Here is a minimal TypeScript example:

type JobResponse = {
  status: "processing";
  job_id: string;
  poll_url: string;
};

type CompletedJob<T> = {
  status: "completed";
  data: T;
  execution_ms?: number;
};

type FailedJob = {
  status: "failed";
  error_code: string;
  message: string;
};

async function submitExtraction(params: {
  apiKey: string;
  actionId: string;
  payload: Record<string, unknown>;
}): Promise<JobResponse> {
  const res = await fetch("https://api.anakin.io/v1/holocron/task", {
    method: "POST",
    headers: {
      "X-API-Key": params.apiKey,
      "Content-Type": "application/json"
    },
    body: JSON.stringify({
      action_id: params.actionId,
      params: params.payload
    })
  });

  if (res.status !== 202) {
    throw new Error(`Extraction submit failed: ${res.status} ${await res.text()}`);
  }

  return res.json();
}

async function pollJob<T>(apiKey: string, pollUrl: string): Promise<T> {
  const deadline = Date.now() + 30_000;

  while (Date.now() < deadline) {
    const res = await fetch(`https://api.anakin.io${pollUrl}`, {
      headers: { "X-API-Key": apiKey }
    });

    if (!res.ok) {
      throw new Error(`Polling failed: ${res.status} ${await res.text()}`);
    }

    const body = (await res.json()) as CompletedJob<T> | FailedJob | { status: "processing" };

    if (body.status === "completed") return body.data;

    if (body.status === "failed") {
      throw new Error(`${body.error_code}: ${body.message}`);
    }

    await new Promise(resolve => setTimeout(resolve, 1000));
  }

  throw new Error("Extraction timed out after 30s");
}

The important part is not the URL. It is the boundary.
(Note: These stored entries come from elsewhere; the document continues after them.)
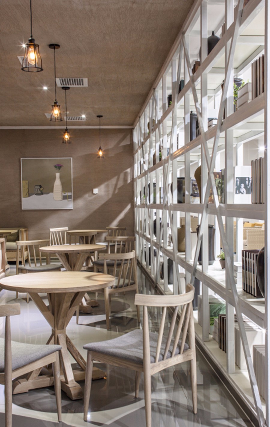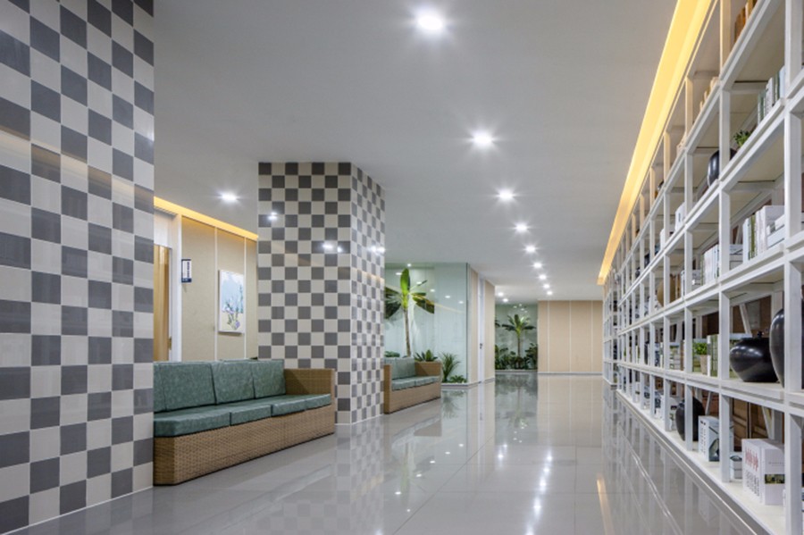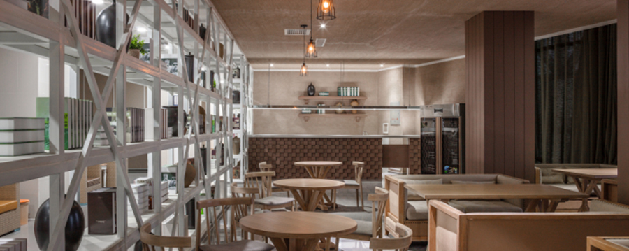 设计师在每一层还专门设计了一个餐吧区,人性化的服务提升了整个空间的品质。白色的层板架上摆放着大小不一的陶罐,还有各种各样的书籍。在这里你可以慢慢的享受用餐,也可以悠闲的翻着着书籍,时间就这样在不知不觉中过去了,也不会觉得无聊。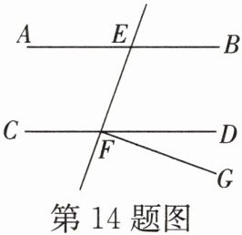 14.如图,直线AB,CD被直线EF所截,且$AB// CD,FG⊥EF$于点F,判断$∠BEF与∠DFG$之间存在什么关系,并说明理由。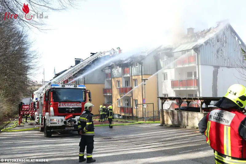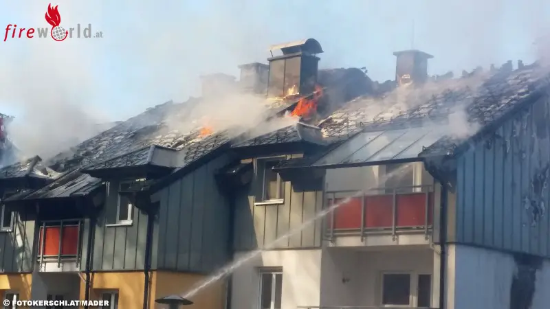 HAAG (NÖ): Im niederösterreichischen Haag stand am Vormittag des 28. März 2017 ein Dachstuhl eines Wohnblock in Flammen. Es gibt laut Auskunft der Einsatzleitung aktuell eine verletzte Person.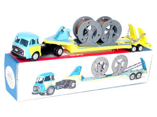 C.I.J./NOREV (FRANCE) 4/75/00 SOMUA Semi-remorque surbaissée porte-bobines de câbles bleu, jaune & noir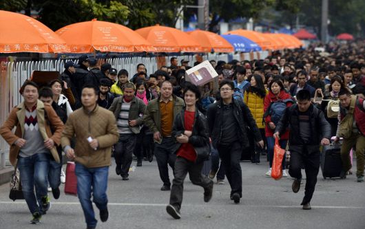 2020년 중국 남부 광동성 광저우 역 앞에서 사람들이 기차표 예매를 위한 줄을 서기 위해 달려가고 있다. /AFP 연합뉴스 |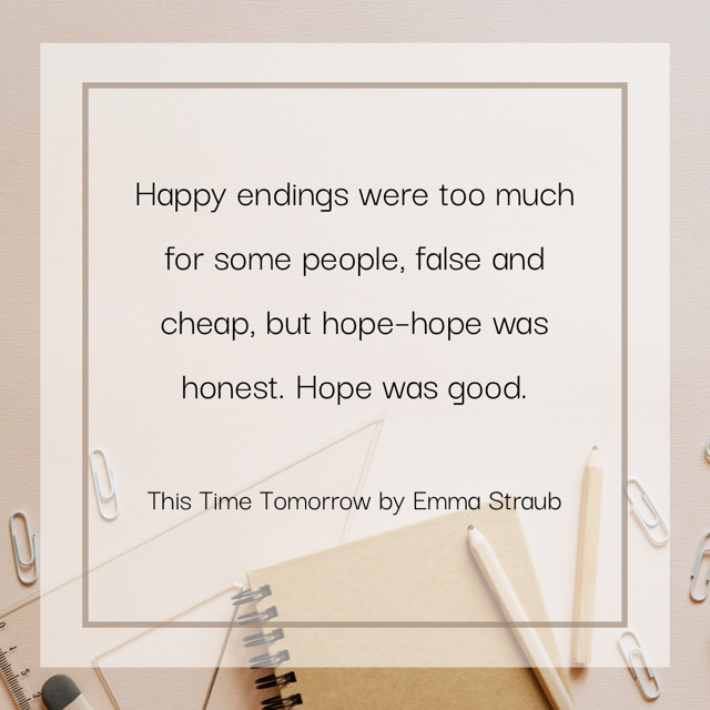 This Time Tomorrow, by Emma Straub, is a time travel novel. Alice works in admissions in her former New York City school and loves her best friend and her apartment and her father, who is slowly dying in the hospital. She goes to bed on the night of her 40th birthday, and wakes up in 1996, on her 16th birthday. The most surprising part of her former life is her father–young, healthy, vibrant. With the wisdom of her 40 years, what would she tell her 16 year old self? What would she tell her father? The book is a love letter to fathers, to writing (her father is a time-travel novelist), and to New York. I loved living in the pages of this story, and the quotes listed here show some themes from the book that completely reflect my ideal reading experience. This book covered them all.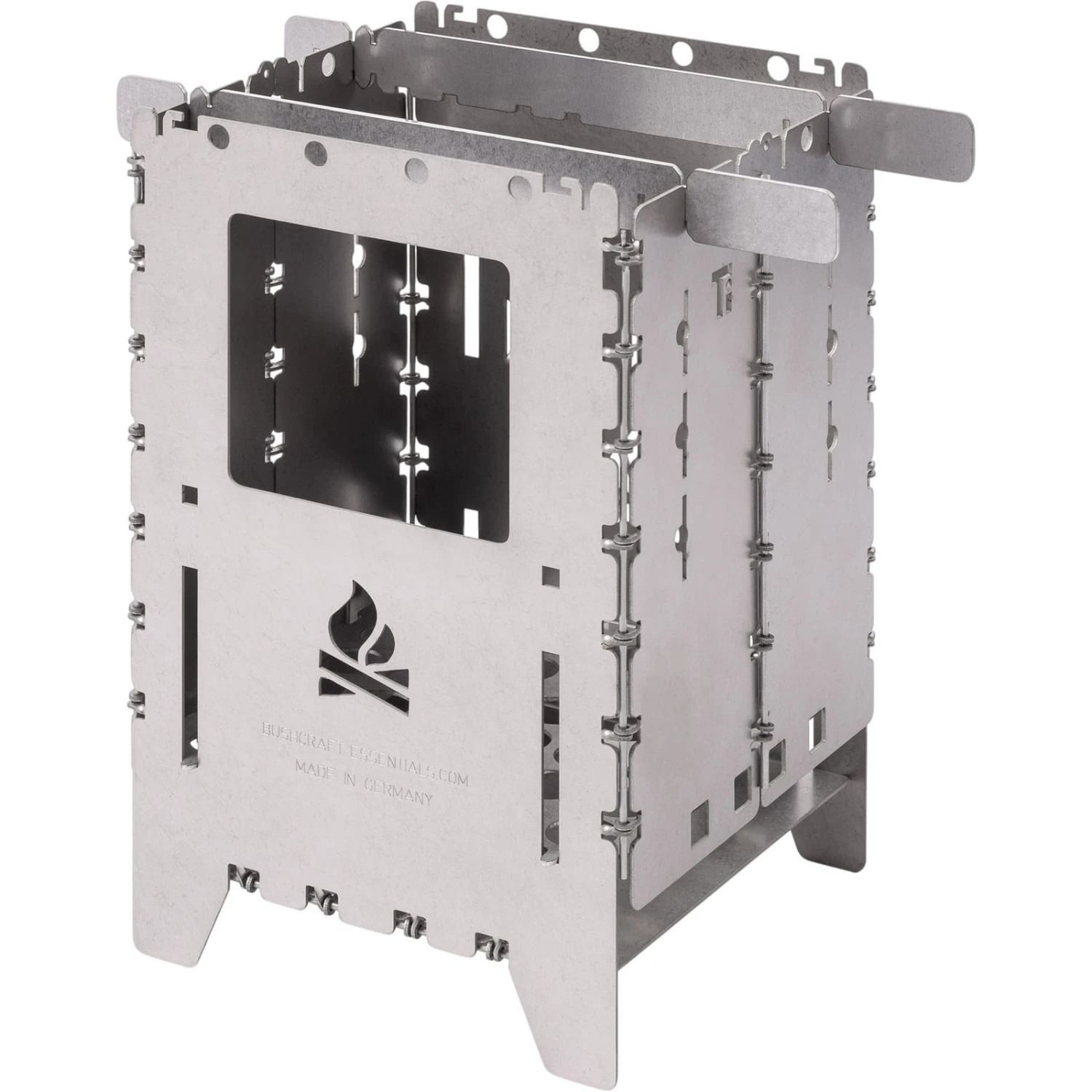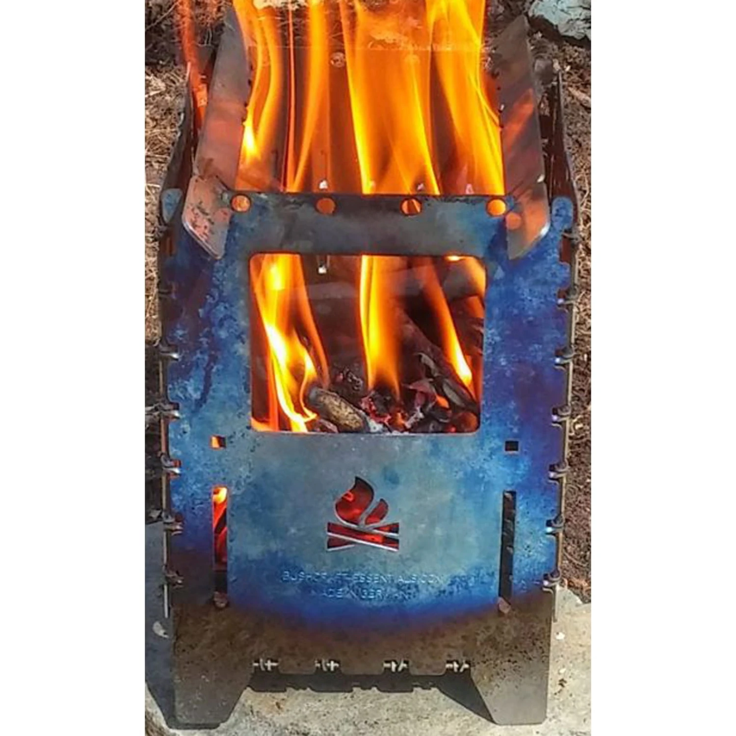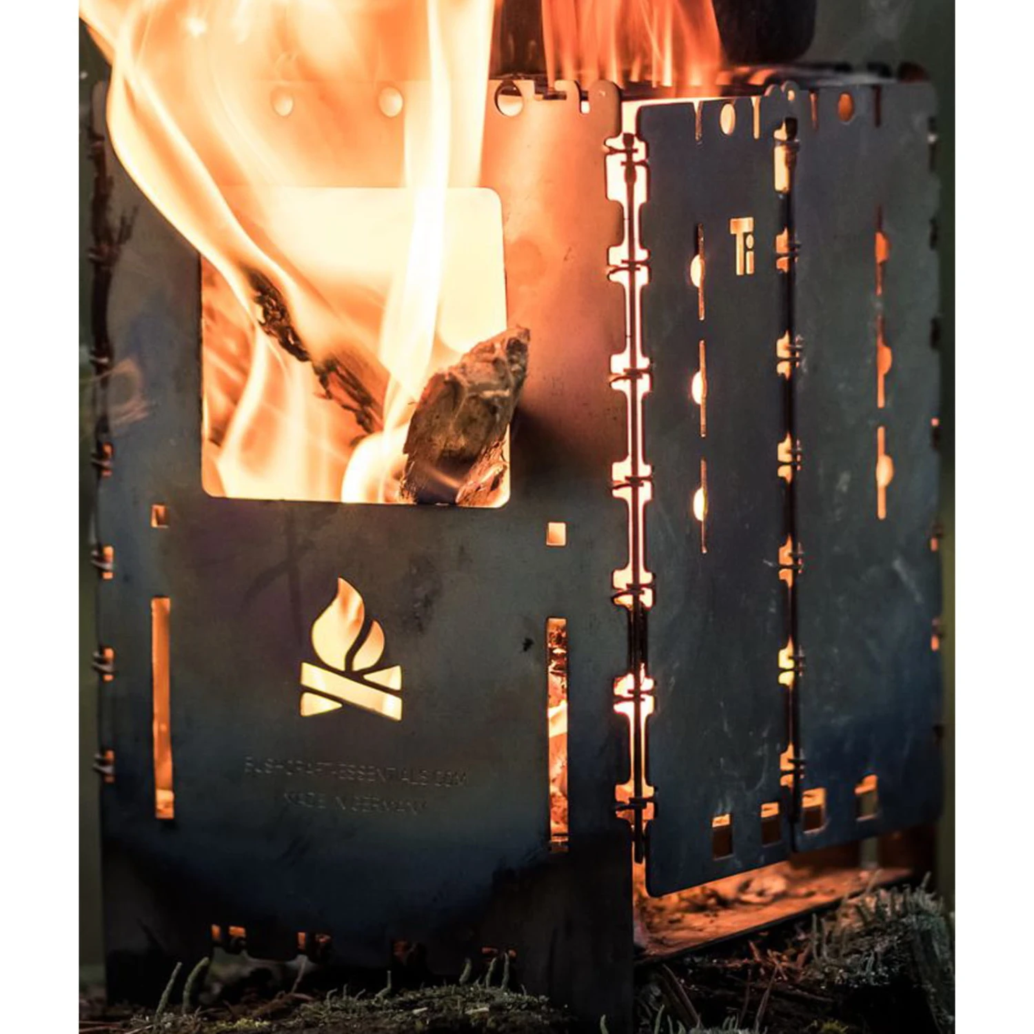 Der Bushbox XL in Titan-Ausführung von bushcraft essentials ist ein außerordentlich effizienter portabler Falt-Hobo-Kocher zum Grillen, Kochen, Wärmen. Zusammengefaltet nur ca. 1 cm dick. Perfekt für längere Outdoor-Trips, Camping, Trekking, Bushcraft, Biker, Expeditionen und und und… Unabhängig, vielfältig und einfach zu benutzen. Den Brennstoff gibt es kostenlos überall in der Natur – Zweige, Äste, Laub, Tierdung. Halteposition für Trangia Kocher. Zusammengeklappt ist dieser geniale Hobo-Ofen nur wenig dicker als 1 cm und lässt sich nahezu überall unterbringen. Der Bushbox XL Titanium wird an den Scharnieren einfach aufgeklappt und ist sofort einsatzbereit (er lässt sich auch mit Handschuhen oder klammen Händen problemlos aufbauen, was bereits auf Expeditionen unter Beweis gestellt wurde). Der Bushbox XL Titanium arbeitet nach dem Kamin-Prinzip: Luft strömt von unten in den Kocher, bringt sogar noch feuchtes Material zum Brennen und erzeugt starke Hitze, was weiter dadurch unterstützt wird, dass die Hitze im Gegensatz zu einer offenen Flamme kaum nach den Seiten abstrahlen kann und dadurch vorwiegend nach oben gelenkt wird. Der Bushbox XL Titanium ist ein Effizienzwunder. Schon mit wenigen kleinen Zweigen lässt sich Wasser in unter 4 Minuten zum Kochen bringen, Fleisch grillen, Essen zubereiten – und vieles mehr. Als Brennstoff kann neben praktisch jedem natürlichen bzw. festen Brennstoff wie Holz, Rinde, Holzkohle (sogar trockner Tierdung) auch ein Spiritusbrenner, Esbit-Tabletten oder ein Gel-Kocher verwendet werden. Durch zwei mitgelieferte Stäbe (aus Edelstahl) kann eine externe Wärmequelle (z.B. Trangia) auf jeder beliebigen Höhe in der Bushbox XL plaziert werden. Diese Stäbe lassen sich auch auf der Oberseite des Kochers einlegen, so dass auch kleine Gefäße erhitzt werden können. Die mitgelieferten, äußerst variabel einsetzbaren Topfauflagen können alternativ verwendet werden als Höhenregulierung beim Einsatz anderer Wärmequellen, Haltestäbe zum Transport oder Versetzen des heißen Kochers und Halterung für den Trangia-Brenner.

Your agent code should call something like extractArticle(url) and receive an ExtractArticleResult. It should not know about job IDs, polling URLs, retries, browser sessions, or dataset storage.

Validate before the model sees it

Do not pass extracted data straight into a prompt. Validate it first.

import { z } from "zod";

const ArticleSchema = z.object({
  url: z.string().url(),
  title: z.string().min(1),
  author: z.string().optional(),
  published_at: z.string().optional(),
  markdown: z.string().min(200)
});

const raw = await pollJob<unknown>(apiKey, job.poll_url);
const article = ArticleSchema.parse(raw);

This catches the common silent failures: login walls, empty rendered output, cookie banners, blocked requests, or pages where the extractor found navigation text instead of article content.

A schema error is much cheaper than a bad model answer.

When a bigger platform is still the right choice

A direct extraction API is not always better. It is better for a specific class of problem.

Use a scraping orchestration platform when you need:

scheduled batch jobs
shared scraper reuse across teams
dataset storage and historical exports
proxy management at large scale
multi-step scraping pipelines
webhooks and job chaining

Tools like Apify fit this world well. Actor marketplaces, queues, storage, and proxy controls are useful when scraping is a platform concern inside your company.

Use the narrower API pattern when web data is just one tool inside an LLM system. In that case, every extra concept becomes something your agent code has to handle or hide.

Keep the scraper out of your agent logic

The practical rule I use is simple: the model should never depend on a scraping provider's native output format.

Put a small adapter in front of it:

provider response
→ adapter
→ validated domain object
→ LLM prompt or tool result

That lets you swap providers, add fallbacks, cache successful extractions, and test your agent without hitting the network.

A good next step is to pick one existing LLM workflow that fetches web data and write down the exact JSON shape it needs. Then add validation at that boundary. You will usually find that the scraping code can get smaller once the contract is explicit.